### [Exercise]
Pictures are to be skipped. Retype exactly the lines from the top of the material through the one with "子供たちは、「今まで書いた文", and only those.

### [Input records]
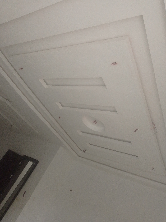 The image displays the interior of a room located in Alor, Nigeria. The primary subject is a white, multi-layered plaster of Paris (POP) false ceiling. This ceiling features a central rectangular panel containing a circular recessed dome, flanked by two elongated rectangular indentations. Multiple stepped tiers define the ceiling's perimeter. Numerous loose, thin red electrical wires, some coiled, protrude from various points on the ceiling, indicating uninstalled light fixtures. Faint alphanumeric markings, such as 'S', '2', and 'L', are visible near some of these wire outlets. The visible walls are uniformly white and appear recently painted. In the lower-left corner, a dark brown wooden door with a rectangular glass panel is partially visible, set into a white wall. No individuals, furniture, or personal effects are present in the scene. The environment suggests a recently constructed or renovated space awaiting final fixture installation.
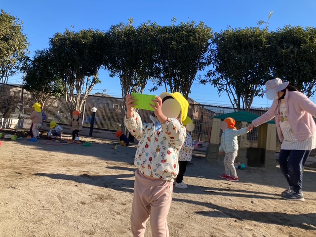 園庭にもスマホを持っていき、「カシャ!」と空や園庭の様子を写真におさめていました。
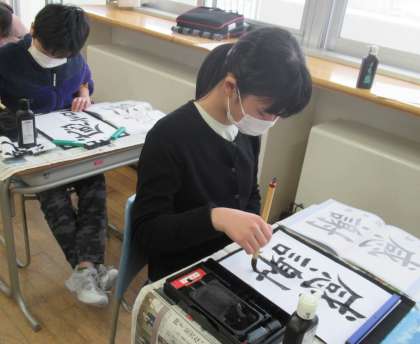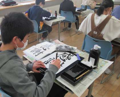 子供たちは、「今まで書いた文字と違って、画数が多くて難しい」と言いながら、一生懸命取り組んでいました。
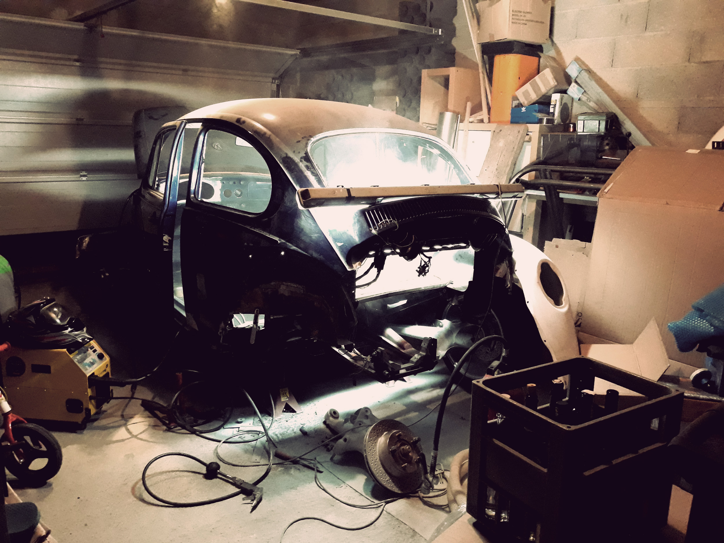 Un peu de soudure de nuit... et j'ai du sortir l'extincteur! la mousse dans le montant arrière avait pris feu
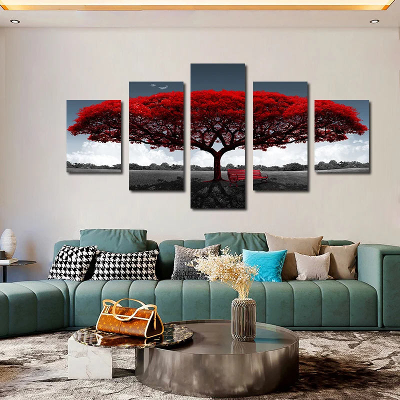 Абстрактные красные холсты без рамки, 5 шт., художественная живопись, Настенные Декоративные плакаты, картины для гостиной, отеля, домашнего декора
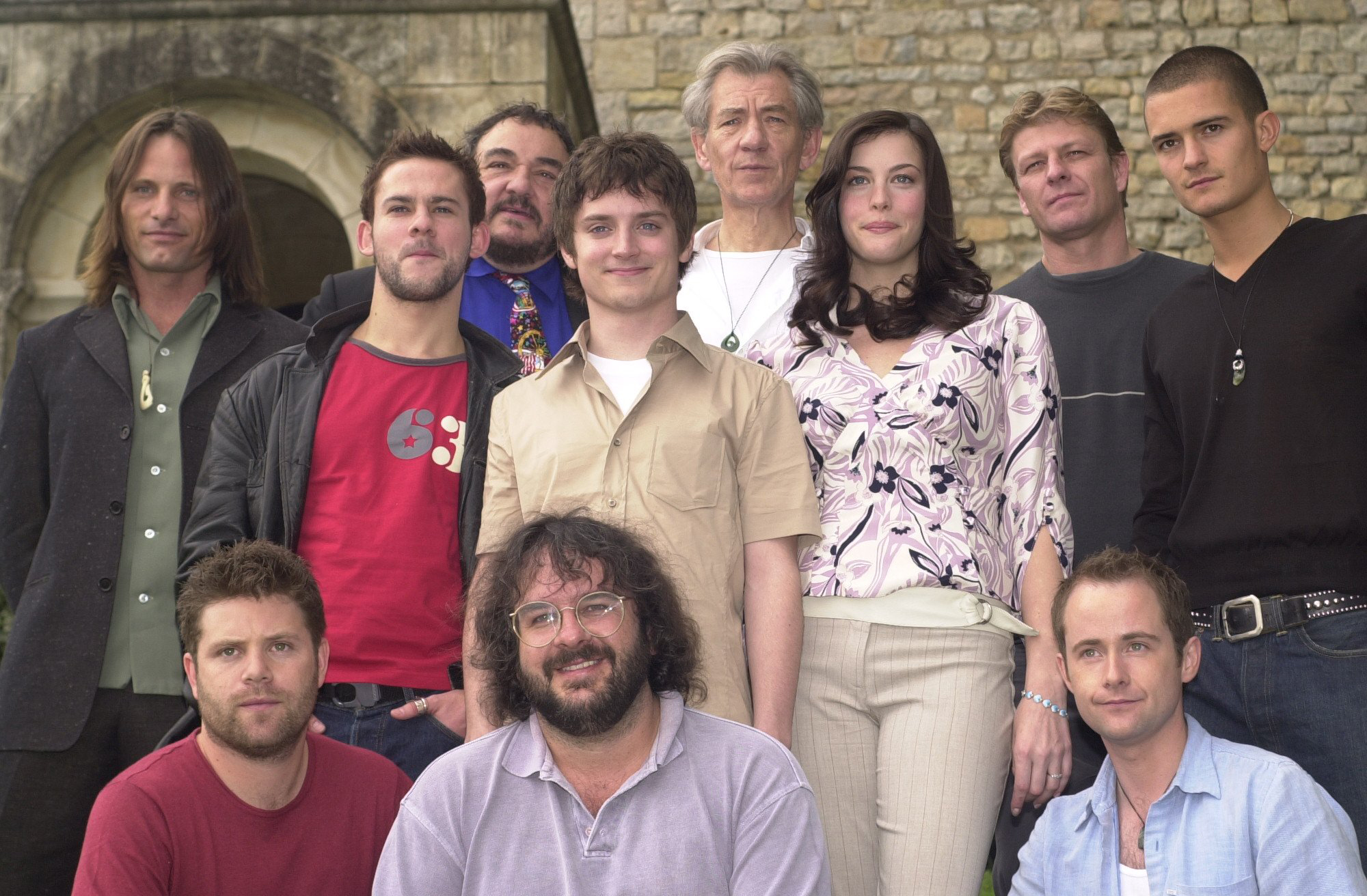 Description: A group of people posing for a picture together in front of a stone building with a doorway in the background.
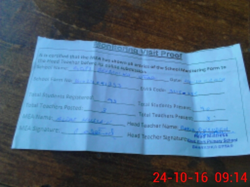 | Attendance Register | Head Teacher | MEA with School | Visit Proof |
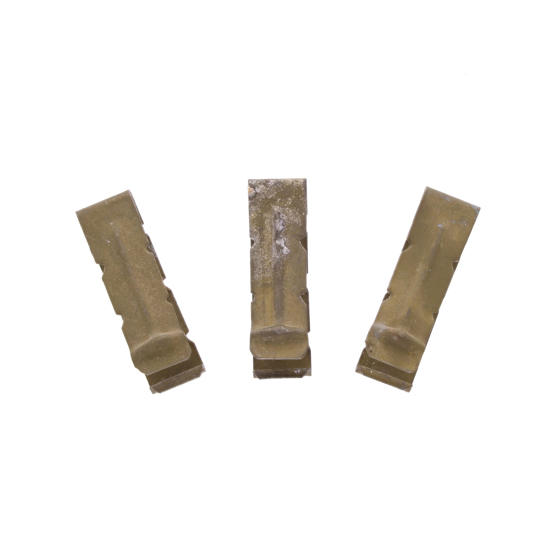 This listing is for a single original WWII U.S. M-1 helmet liner headband spring clip; however, several are available - all of which were recovered from wartime headbands. These are all green painted steel third pattern spring clips, which have a fold in the metal's bottom edge. These are commonly seen on headbands produced from 1942 to 1945.
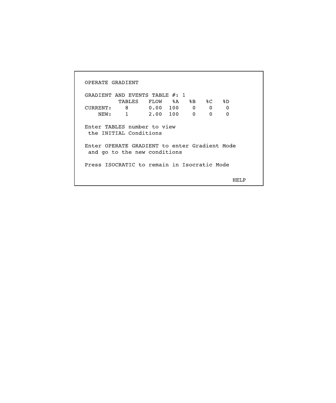 • Gradient and events table numbers (sets) to be run from the Operate Gradient screen
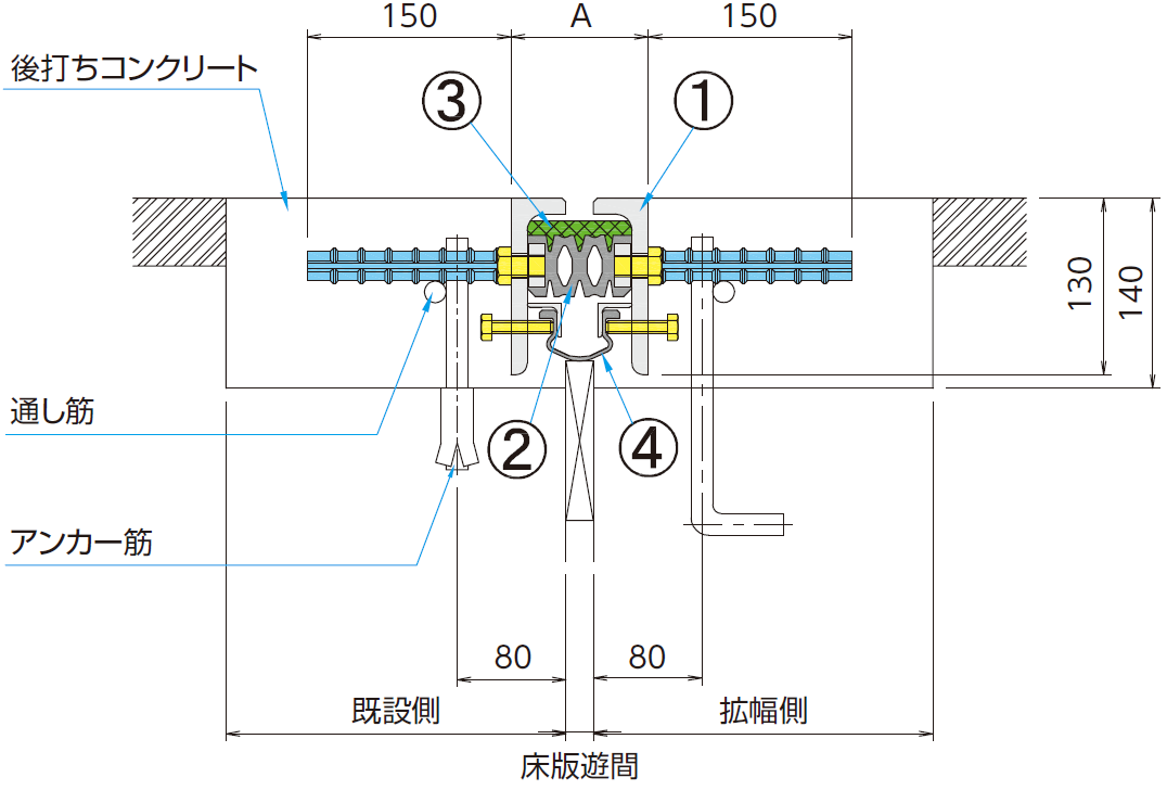 - シンプルな構造で既設部と拡幅部の段差を吸収できる。フェイスプレートの下には弾性シール材とボルト固定されたゴムパッキンがあり止水性に優れる。
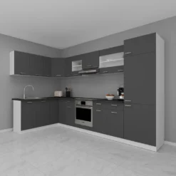 Schreibe die erste Rezension für „VCM 13-tlg Winkelküche Eckküche Küchenzeile Küchenblock Komplettküche 328 X 178 Cm Esilo Weiß / Anthrazit“ Antwort abbrechen
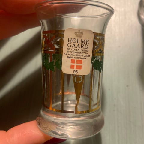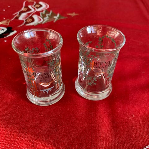 Holmegaard glasskaraffel med to tilhørende glass med julemotiv.
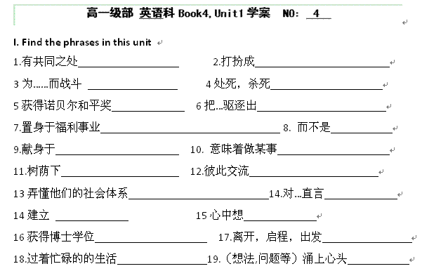 有道:山东省临朐实验中学高中英语(新人教版必修4)导学案:《Book4,Unit1 Women of achievement》4
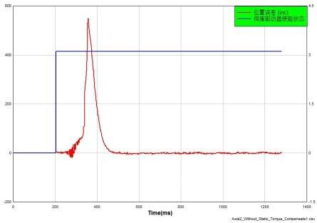 下圖是開啟補(bǔ)償及振動抑制功能后,機(jī)器人本體的位置誤差情況,能夠非常明顯的看出,機(jī)器人本體的振動得到了有效抑制。
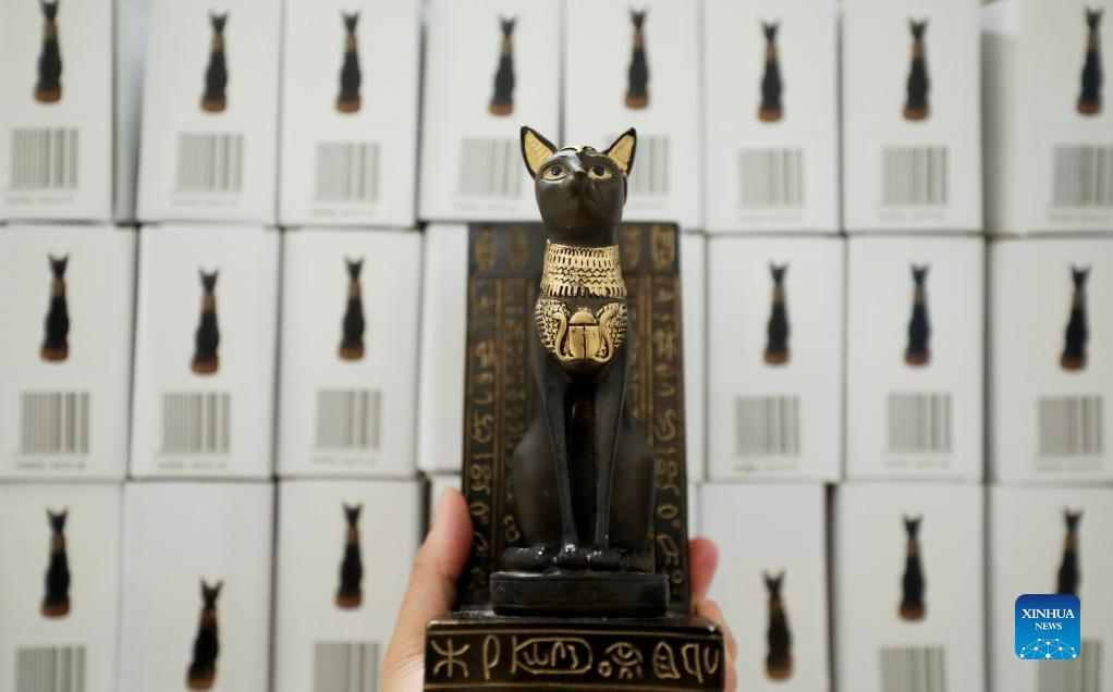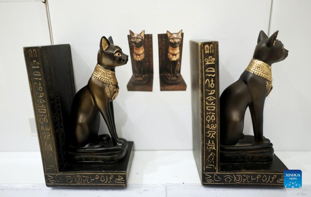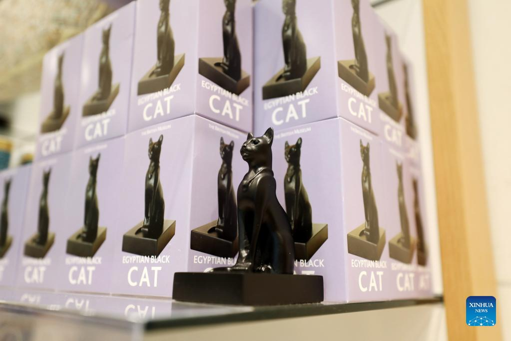 Photo taken on May 11, 2022 shows replicas of the Gayer-Anderson cat in the British Museum in London, Britain. The Gayer-Anderson cat is a bronze figure depicting one form of the goddess Bastet. The cat dates from the Late Period of ancient Egypt around 600 BC. It's named after Major Robert Grenville Gayer-Anderson, who donated the statue to the British Museum in 1939. (Xinhua/Li Ying)
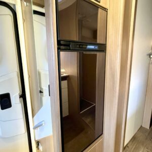 L- keittiöstä löytyy kaikki tarpeellinen, kuten kolmipolttiminen kaasuliesi, tiskiallas, liesituuletin ja astiakaapisto. Kokin/kokittaren selän takana sijaitsee tilava kolmitoimijääkaappi erillisellä pakastinosalla.
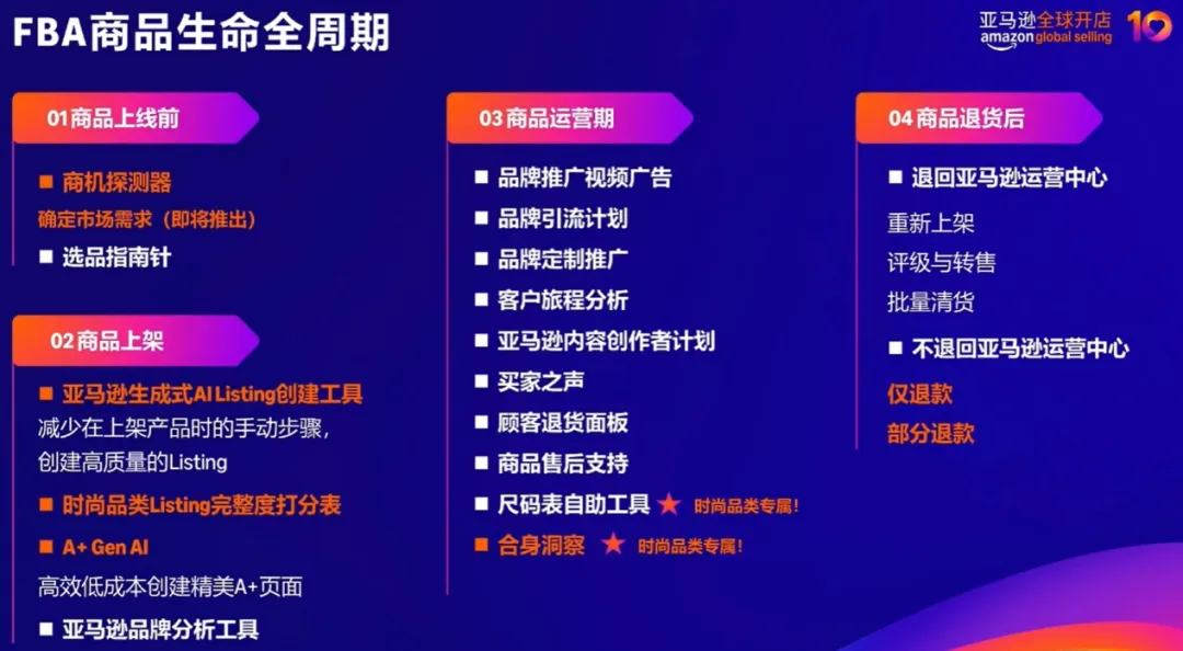 在明确市场趋势后,善用运营工具成为提升效率、降低成本的关键。亚马逊为时尚类目卖家提供了从选品到退货的全链路工具支持,帮助卖家精准把握商机、优化运营流程。

### [Expected answer]
 The image displays the interior of a room located in Alor, Nigeria. The primary subject is a white, multi-layered plaster of Paris (POP) false ceiling. This ceiling features a central rectangular panel containing a circular recessed dome, flanked by two elongated rectangular indentations. Multiple stepped tiers define the ceiling's perimeter. Numerous loose, thin red electrical wires, some coiled, protrude from various points on the ceiling, indicating uninstalled light fixtures. Faint alphanumeric markings, such as 'S', '2', and 'L', are visible near some of these wire outlets. The visible walls are uniformly white and appear recently painted. In the lower-left corner, a dark brown wooden door with a rectangular glass panel is partially visible, set into a white wall. No individuals, furniture, or personal effects are present in the scene. The environment suggests a recently constructed or renovated space awaiting final fixture installation.
 園庭にもスマホを持っていき、「カシャ!」と空や園庭の様子を写真におさめていました。
 子供たちは、「今まで書いた文字と違って、画数が多くて難しい」と言いながら、一生懸命取り組んでいました。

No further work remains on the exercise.